A facilidade de se descobrir dados pessoais facilmente disponibilizados em sites de relacionamento unida à inocência da criança deixa a professora Adriana Tinonin com medo dos possíveis perigos oferecidos pela web. Mãe de Rafael, 10 anos, que utiliza o computador desde os dois, Adriana vai contra o dados da pesquisa e está sempre por perto do filho durante o uso da internet. “Ele pode usar quase tudo que a internet tem, mas com segurança. No site de relacionamentos, orkut, por exemplo, só permito que ele use com o meu e-mail e senha para que eu sempre possa entrar e ver com quem e o que ele fala”, defendeu.

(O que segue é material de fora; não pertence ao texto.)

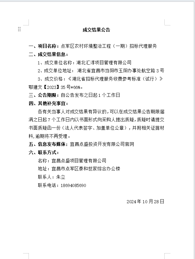 點(diǎn)軍區(qū)農(nóng)村環(huán)境整治工程(一期)招標(biāo)代理服務(wù)成交公告
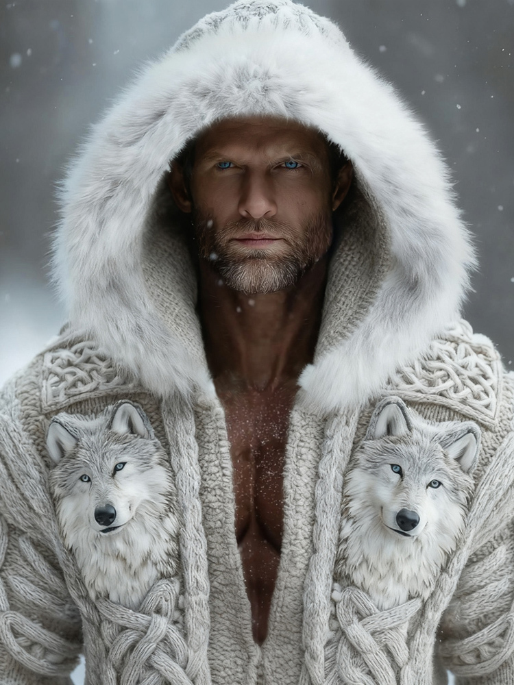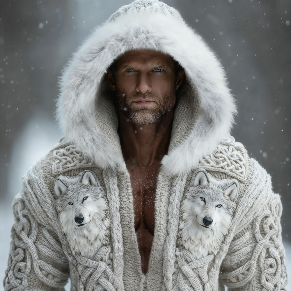 Men's Vintage Wolf Celtic Knot Fur Trim Cozy Hooded Sweater

Rafael que aprendeu a escrever digitando as primeiras letras no teclado de um computador confia na proteção da mãe. “Eu gosto que ela me oriente e me ajude. Eu sou criança e ainda não sei ver a maldade dos outros. Não me sinto viagiado. Me sinto protegido”, afirmou o garoto.

A professora garante que a internet assim como facilita pode causar sérios problemas. “Meu maior medo é a pedofilia. Nunca deixo o Rafael passar endereço ou marcar encontros com alguém. Ele só fala com conhecidos. Tento também orientar meus alunos”, defendeu a professora.

Outros seis países fizeram parte da pesquisa e um total de 25 mil jovens da Argentina, Chile, Peru, Colômbia, México, Venezuela e Brasil foram entrevistados entre outubro de 2007 e junho de 2008. No Brasil, o estudo foi centralizado em São Paulo, onde a empresa de telefonia está mais presente.